DATA RECORDS START

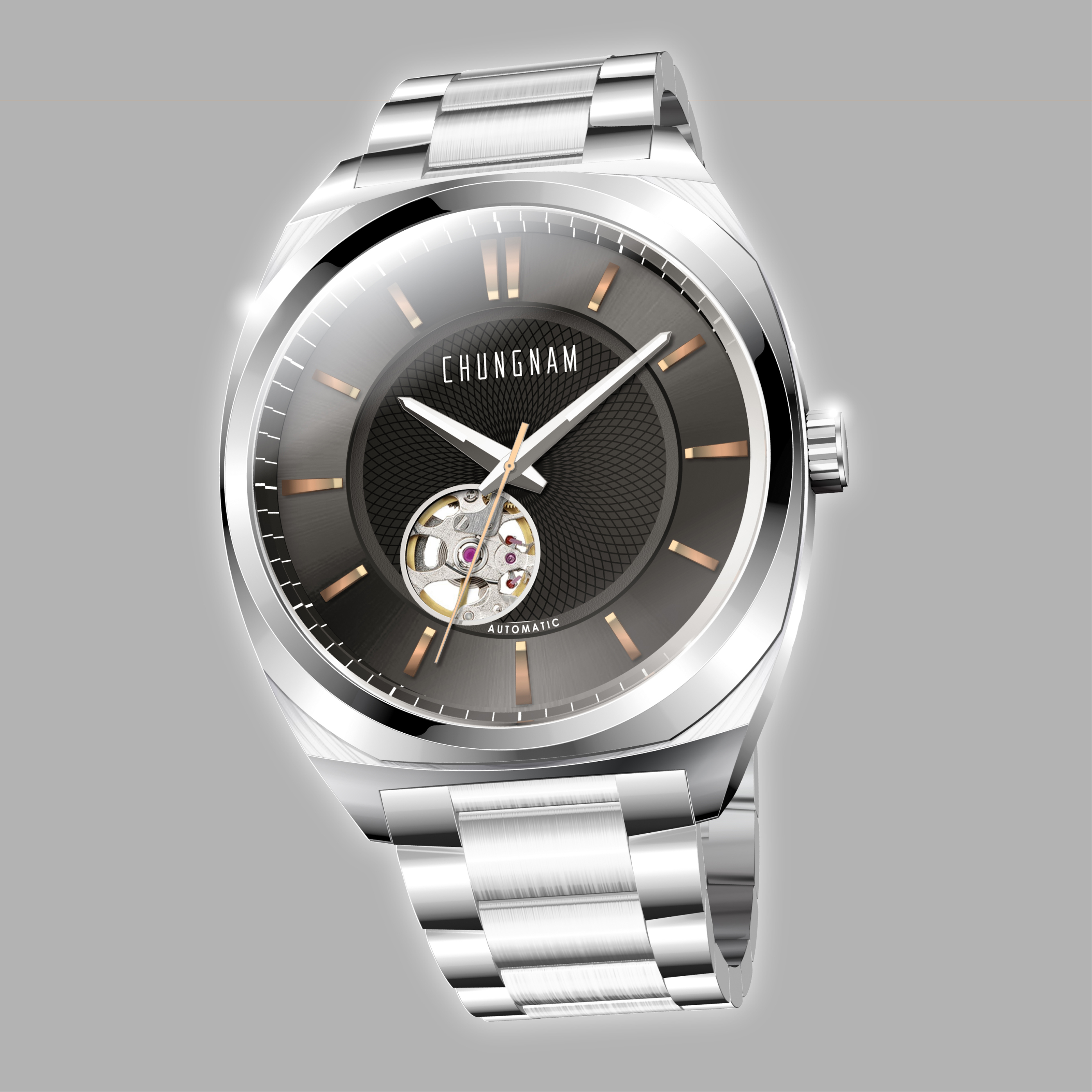 Japanese mechanical movement, 5 ATM water resistant, steel case and steel bracelet.
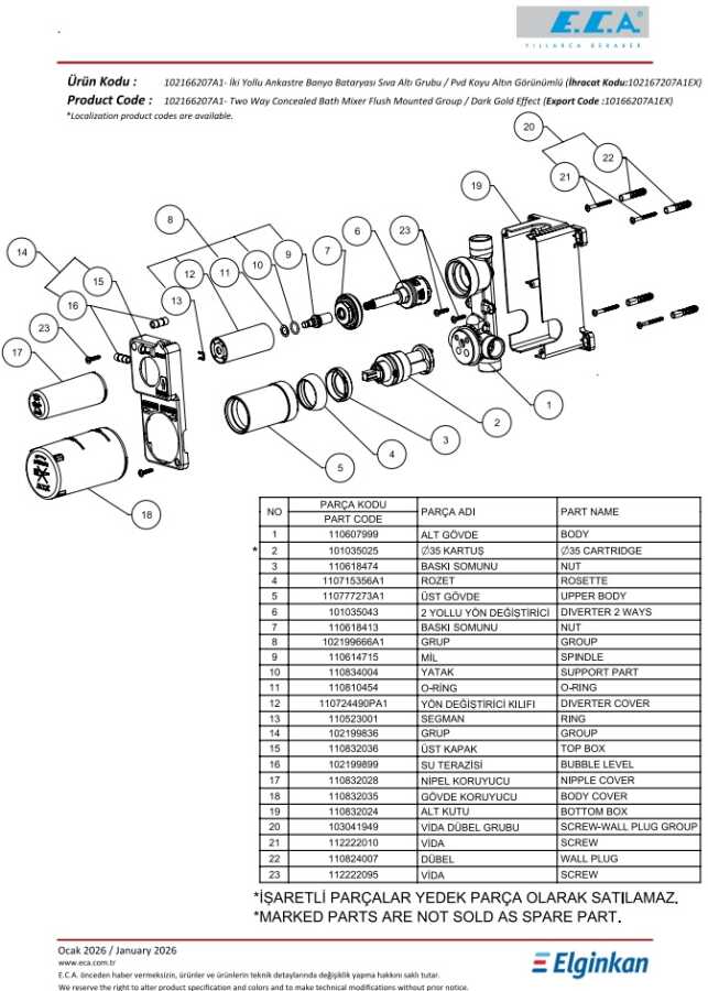 Eca Altın Görünüm Ankastre Banyo/Duş 2 Yolu Sıva Altı 102166207A1
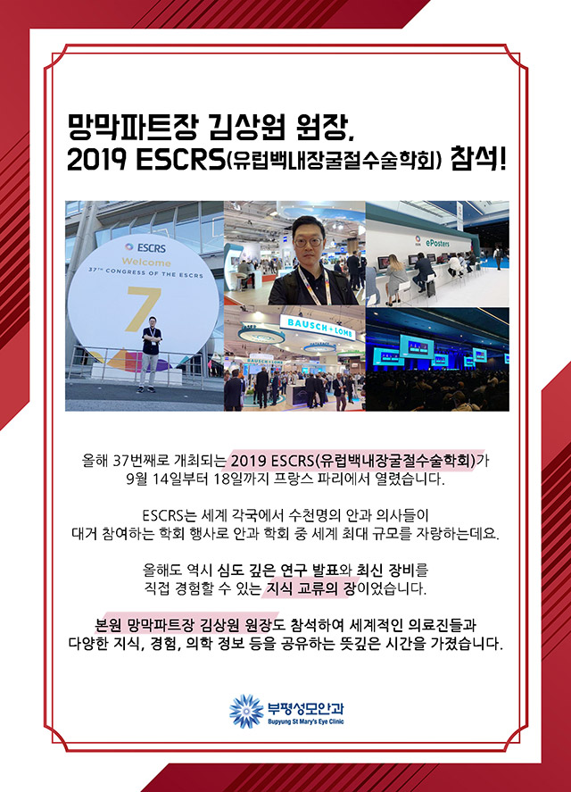 [소식] 망막파트장 김상원 원장, 2019 ESCRS(유럽백내장굴절수술학회) 참석! > 공지사항
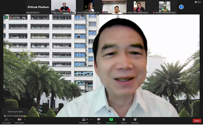 ทางด้าน ศ.นพ.กำธร พฤกษานานนท์ อุปนายก สนจ. กล่าวกับอาสาสมัครว่า “ขณะนี้กำลังจับตาดูการแพร่ระบาดของโควิดสายพันธุ์โอไมครอนในต่างประเทศอย่างใกล้ชิด ซึ่งได้แพร่ระบาดไปแล้วอย่างรวดเร็วมากกว่า 60 ประเทศ รวมถึงประเทศไทยด้วย ที่น่ากังวลคือแม้ว่าเราจะฉีดวัคซีนแล้วก็ยังมีโอกาสเสี่ยงติดเชื้อได้อยู่ แต่จะมีอาการน้อย หรือแทบจะไม่แสดงอาการ จึงไม่รุนแรงถึงชีวิต ดังนั้น การกักตัวแยกรักษาตัวอยู่ที่บ้าน ทำ HI จึงเป็นแนวทางที่เหมาะสมและยังจำเป็นต้องได้รับการติดตามอาการอย่างใกล้ชิดเช่นกัน ในส่วนกล่องรอดตายที่ สนจ. ดำเนินการสนับสนุนภารกิจของสถาบันป้องกันควบคุมโรคเขตเมือง (สปคม.) กรมควบคุมโรคอยู่นั้น เราได้เตรียมความพร้อมให้สามารถขึ้นระบบ Virtual Ward ได้ทันทีภายใน 24 ชั่วโมงที่ได้รับการร้องขอ และยังเปิดรับอาสาสมัครกล่องรอดตายรุ่นใหม่เข้ามาฝึกทักษะ อบรมเทคนิคการดูแลผู้ป่วยผ่าน E-Learning Platform ช่วยให้อาสาสมัครสามารถเรียนรู้ ดูซ้ำ ทบทวนเนื้อหาได้ตลอดภายในระยะเวลาสั้น ๆ เพียง 30 นาที”
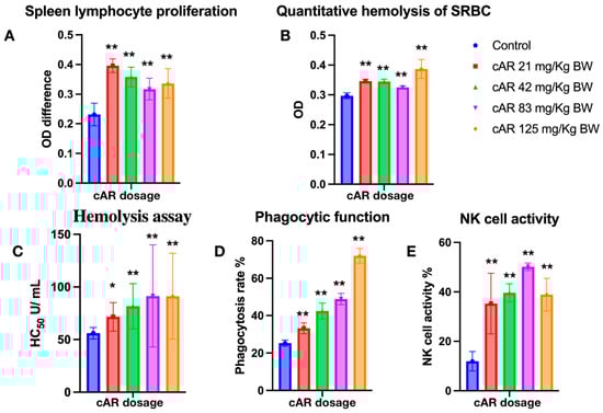 The mononuclear–phagocyte system consists of mononuclear cells in the blood and macrophages in tissues, both of which have phagocytic functions to eliminate foreign substances. The mononuclear–phagocyte system can also secrete protective substances such as interleukin-1 (IL-1), interferons, and complement. Thus, the phagocytic function of macrophages is another indicator used to evaluate the immune function of the body. We employed the well-characterized method of the phagocytosis of chicken RBCs via mouse peritoneal macrophages to measure the phagocytic function in this study. Figure 3D shows that cAR can significantly increase the phagocytic function in mice in a dose-dependent manner.

DATA RECORDS END

- **TASK REQUIREMENTS**: The expected output is every entry, retyped exactly, with all pictures removed.

- **ANSWER BOX**:
 Japanese mechanical movement, 5 ATM water resistant, steel case and steel bracelet.
 Eca Altın Görünüm Ankastre Banyo/Duş 2 Yolu Sıva Altı 102166207A1
 [소식] 망막파트장 김상원 원장, 2019 ESCRS(유럽백내장굴절수술학회) 참석! > 공지사항
 ทางด้าน ศ.นพ.กำธร พฤกษานานนท์ อุปนายก สนจ. กล่าวกับอาสาสมัครว่า “ขณะนี้กำลังจับตาดูการแพร่ระบาดของโควิดสายพันธุ์โอไมครอนในต่างประเทศอย่างใกล้ชิด ซึ่งได้แพร่ระบาดไปแล้วอย่างรวดเร็วมากกว่า 60 ประเทศ รวมถึงประเทศไทยด้วย ที่น่ากังวลคือแม้ว่าเราจะฉีดวัคซีนแล้วก็ยังมีโอกาสเสี่ยงติดเชื้อได้อยู่ แต่จะมีอาการน้อย หรือแทบจะไม่แสดงอาการ จึงไม่รุนแรงถึงชีวิต ดังนั้น การกักตัวแยกรักษาตัวอยู่ที่บ้าน ทำ HI จึงเป็นแนวทางที่เหมาะสมและยังจำเป็นต้องได้รับการติดตามอาการอย่างใกล้ชิดเช่นกัน ในส่วนกล่องรอดตายที่ สนจ. ดำเนินการสนับสนุนภารกิจของสถาบันป้องกันควบคุมโรคเขตเมือง (สปคม.) กรมควบคุมโรคอยู่นั้น เราได้เตรียมความพร้อมให้สามารถขึ้นระบบ Virtual Ward ได้ทันทีภายใน 24 ชั่วโมงที่ได้รับการร้องขอ และยังเปิดรับอาสาสมัครกล่องรอดตายรุ่นใหม่เข้ามาฝึกทักษะ อบรมเทคนิคการดูแลผู้ป่วยผ่าน E-Learning Platform ช่วยให้อาสาสมัครสามารถเรียนรู้ ดูซ้ำ ทบทวนเนื้อหาได้ตลอดภายในระยะเวลาสั้น ๆ เพียง 30 นาที”
 The mononuclear–phagocyte system consists of mononuclear cells in the blood and macrophages in tissues, both of which have phagocytic functions to eliminate foreign substances. The mononuclear–phagocyte system can also secrete protective substances such as interleukin-1 (IL-1), interferons, and complement. Thus, the phagocytic function of macrophages is another indicator used to evaluate the immune function of the body. We employed the well-characterized method of the phagocytosis of chicken RBCs via mouse peritoneal macrophages to measure the phagocytic function in this study. Figure 3D shows that cAR can significantly increase the phagocytic function in mice in a dose-dependent manner.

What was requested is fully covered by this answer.